Уже из «статьи» следует, что, разделив всех людей на «два разряда», Раскольников относит себя, конечно, к «высшему разряду».
Как может такое разделение, такая претензия совмещаться с «добрыми» целями?
В первом разговоре с Порфирием Раскольников признает: «Одним словом, у меня все равносильное право имеют и „да здравствует вековечная война“…»
«Вековечная война» как выражение любви к человечеству?
Дело проясняется в мысленном монологе Раскольникова после этого разговора: «Нет, те люди не так сделаны; настоящий властелин, кому все разрешается, громит Тулон, делает резню в Париже, забывает армию в Египте, тратит полмиллиона людей в московском походе и отделывается каламбуром в Вильне; и все ему же, по смерти, ставят кумиры, – а стало быть, и все разрешается. Нет, на этаких людях, видно, не тело, а бронза! <…> Прав, прав „пророк“, когда ставит где-нибудь поперек улицы хор-р-рошую батарею и дует в правого и виноватого, не удостоивая даже и объясниться… Повинуйся, дрожащая тварь, и – не желай, потому – не твое это дело!»
«Хор-р-рошая батарея» как «спасительная идея»?
Еще одно признание. «Свободу и власть, а главное власть! Над всею дрожащею тварью, над всем муравейником! <…> Вот цель! <…> Это мое тебе напутствие!» – говорит Раскольников Соне, обещая разъяснить это «напутствие» позже.

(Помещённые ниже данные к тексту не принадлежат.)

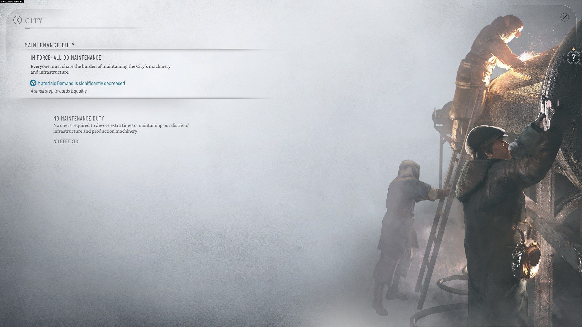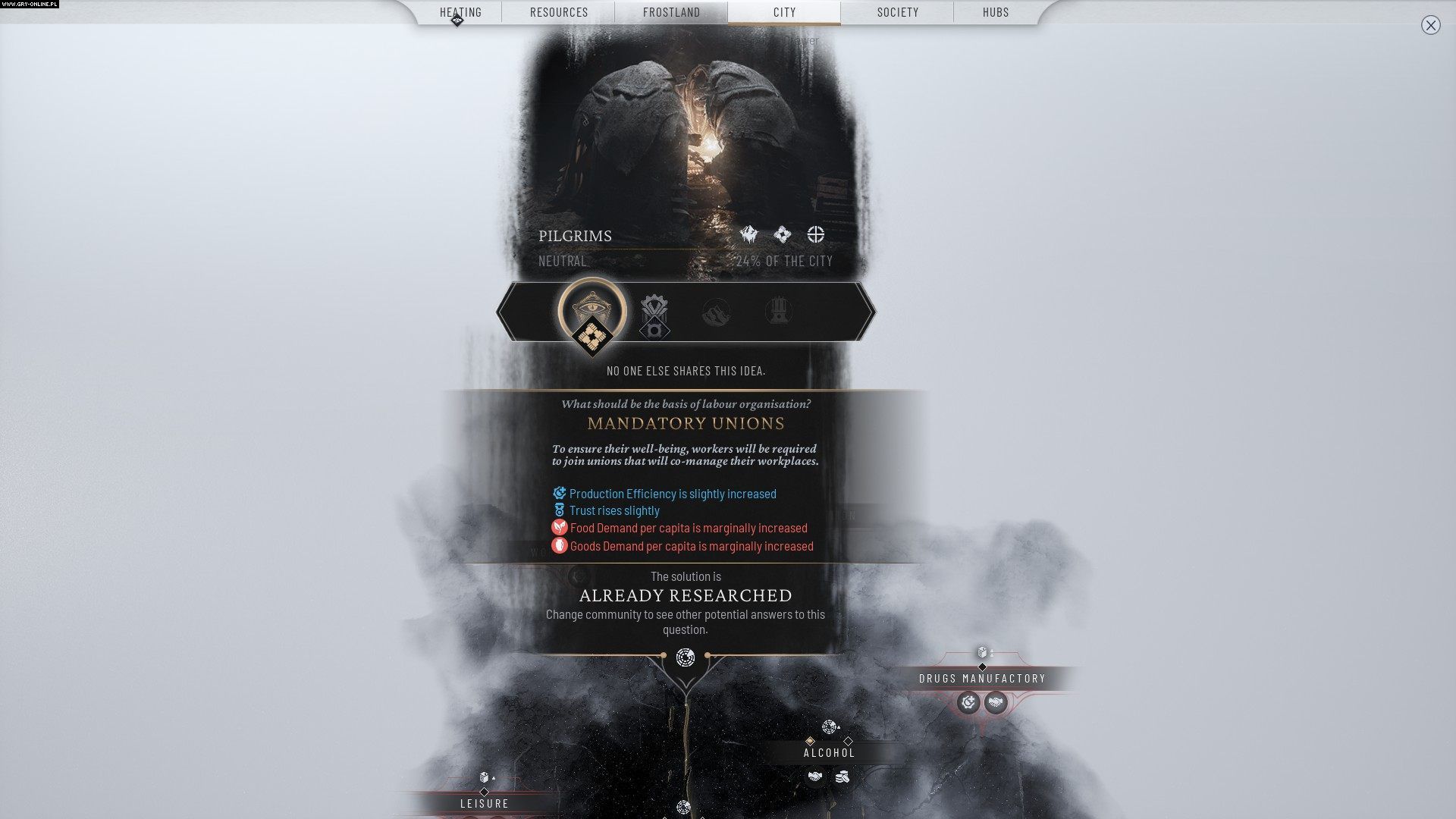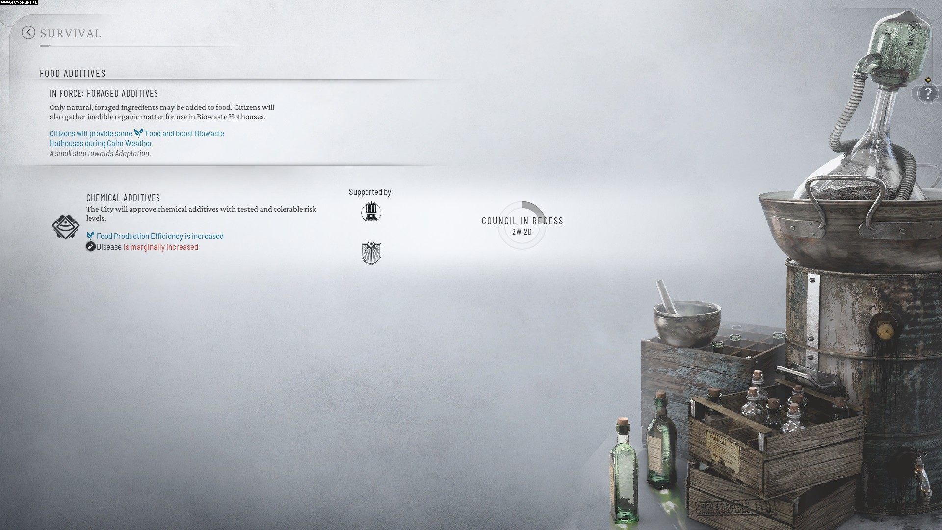 Dużym problemem dla rozwijającego się miasta może być wstępne ustabilizowanie produkcji żywności. By sobie w tym pomóc, na wczesnym etapie gry zaproponujcie jedno z dwóch praw związanych z urozmaicaniem diety mieszkańców. W zasadzie obie opcje, chemiczna oraz naturalna, są dość dobre i powinny poskutkować szybką poprawą stanu Waszych spiżarni. Podejmując decyzję sugerujcie się zatem kierunkiem rozwoju, ku której chcecie się zwracać.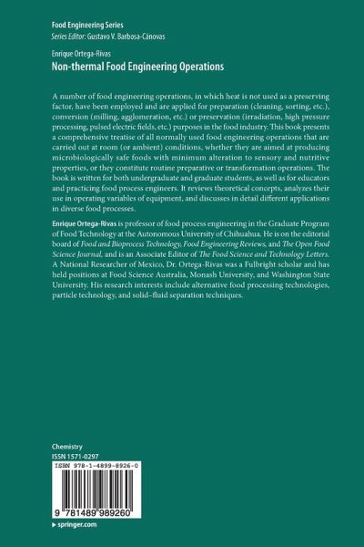 A number of food engineering operations, in which heat is not used as a preserving factor, have been employed and are applied for preparation (cleaning, sorting, etc.), conversion (milling, agglomeration, etc.) or preservation (irradiation, high pressure processing, pulsed electric fields, etc.) purposes in the food industry. This book presents a comprehensive treatise of all normally used food engineering operations that are carried out at room (or ambient) conditions, whether they are aimed at producing microbiologically safe foods with minimum alteration to sensory and nutritive properties, or they constitute routine preparative or transformation operations. The book is written for both undergraduate and graduate students, as well as for educators and practicing food process engineers. It reviews theoretical concepts, analyzes their use in operating variables of equipment, and discusses in detail different applications in diverse food processes.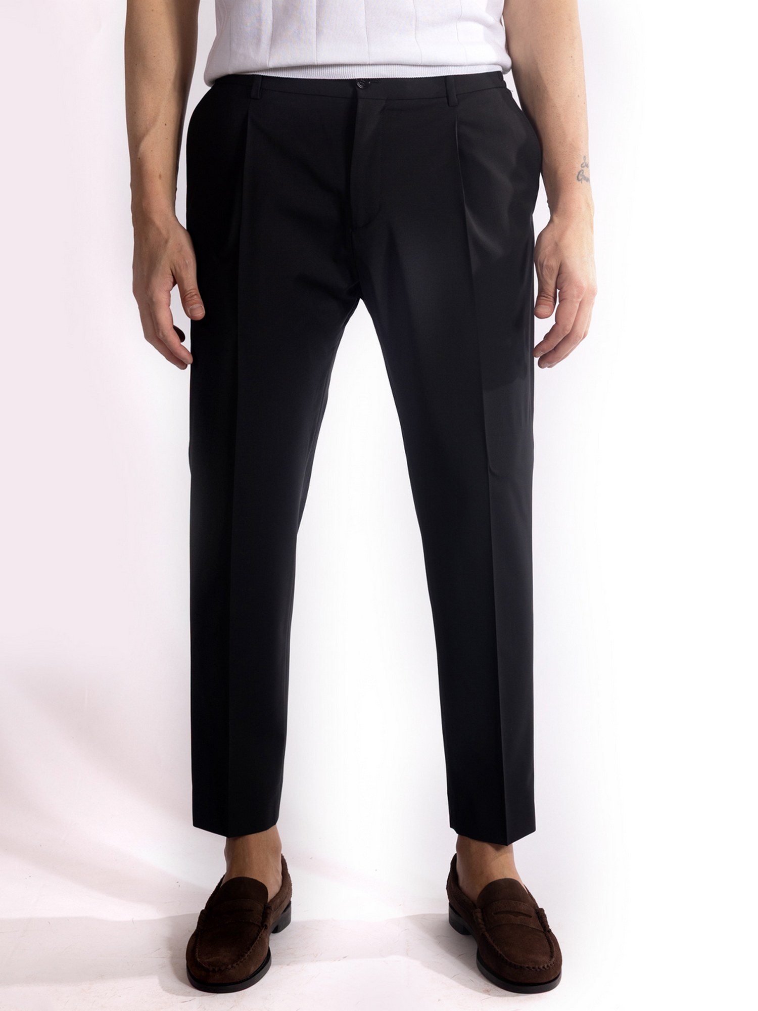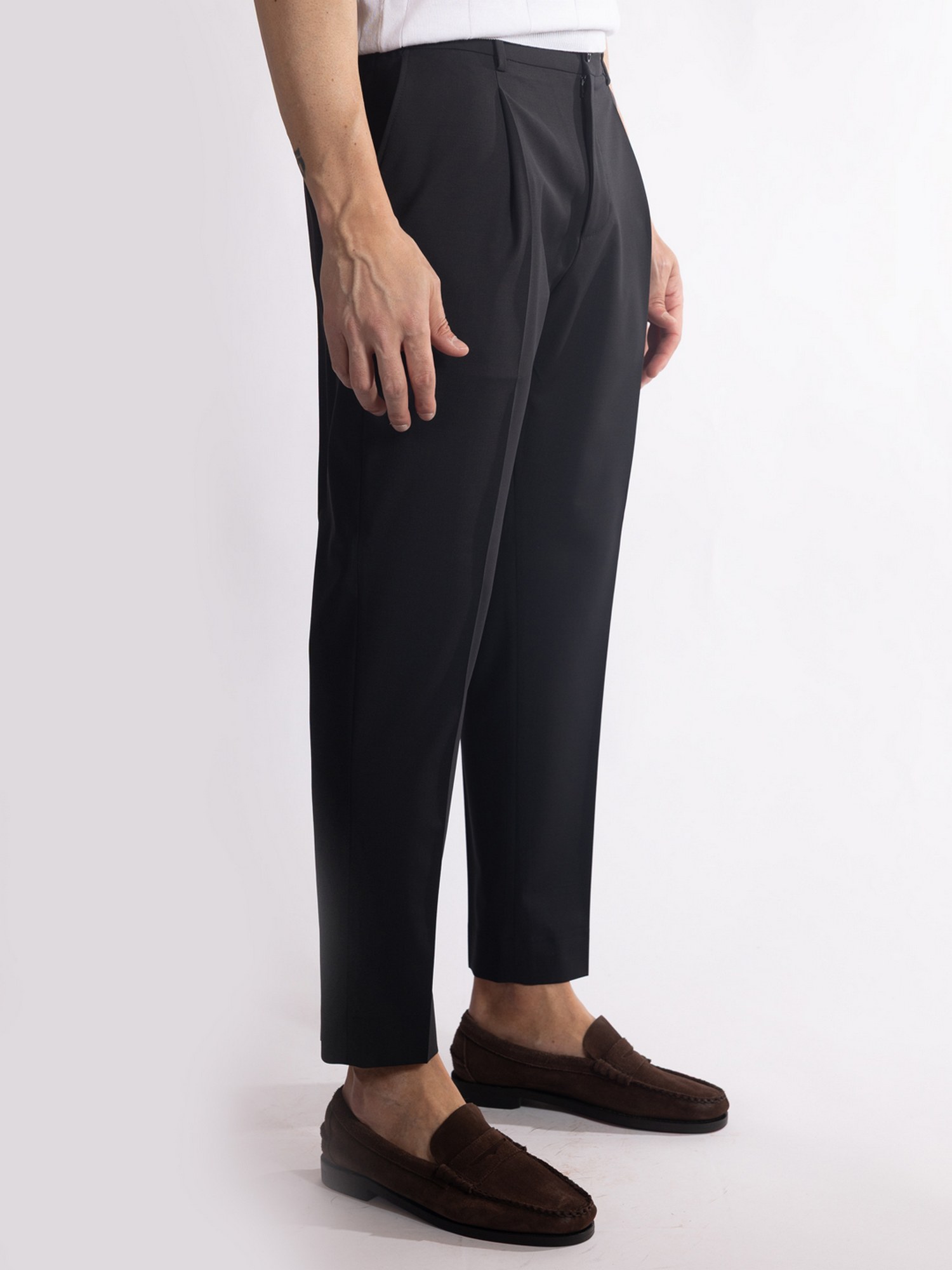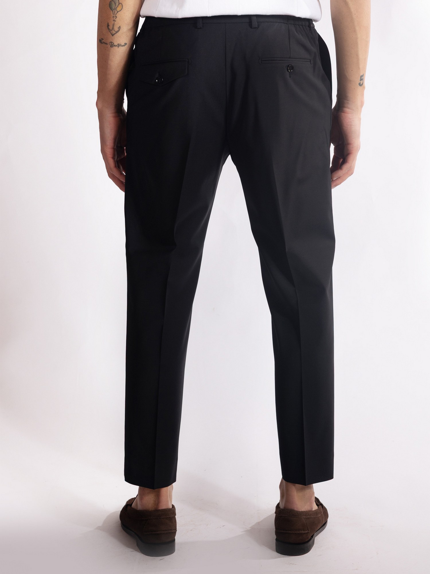 Pantalone con pince anteriore, sul retro tasca a filo con bottone e tasca con patta asimmetrica e stiratura frontale.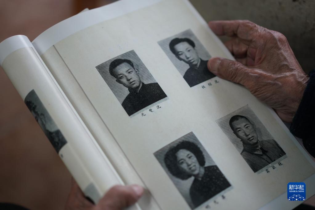 4月19日,沈燮元在家中翻看自己年轻时的照片(左上)。

Вот эта главная сцена признания: «Вот что: я хотел Наполеоном сделаться, оттого и убил. <…> Я… я захотел осмелиться и убил… я только осмелиться захотел, Соня, вот вся причина!»
Оказывается, он и жаждал попасть в число тех «пророков», кому «все позволено»: «Кто много посмеет, тот у них и прав. Кто на большее может плюнуть, тот у них и законодатель, а кто больше всех может посметь, тот и всех правее! <…> Я лгать в этом не хотел даже себе! Не для того, чтобы матери помочь, убил – вздор! Не для того я убил, чтобы, получив средства и власть, сделаться благодетелем человечества. Вздор! Я просто убил; для себя одного: а там стал ли бы я чьим-нибудь благодетелем или всю жизнь, как паук, ловил бы всех в паутину и из всех живые соки высасывал, мне, в ту минуту, все равно должно быть было! <…> И не деньги, главное, нужны мне были, Соня, когда я убил; не столько деньги нужны были, как другое <…> Мне другое надо было узнать, другое толкало меня под руки: мне надо было узнать тогда, и поскорее узнать, вошь ли я, как все, или человек? Смогу ли и я переступить или не смогу! <…> Тварь ли я дрожащая или право имею…»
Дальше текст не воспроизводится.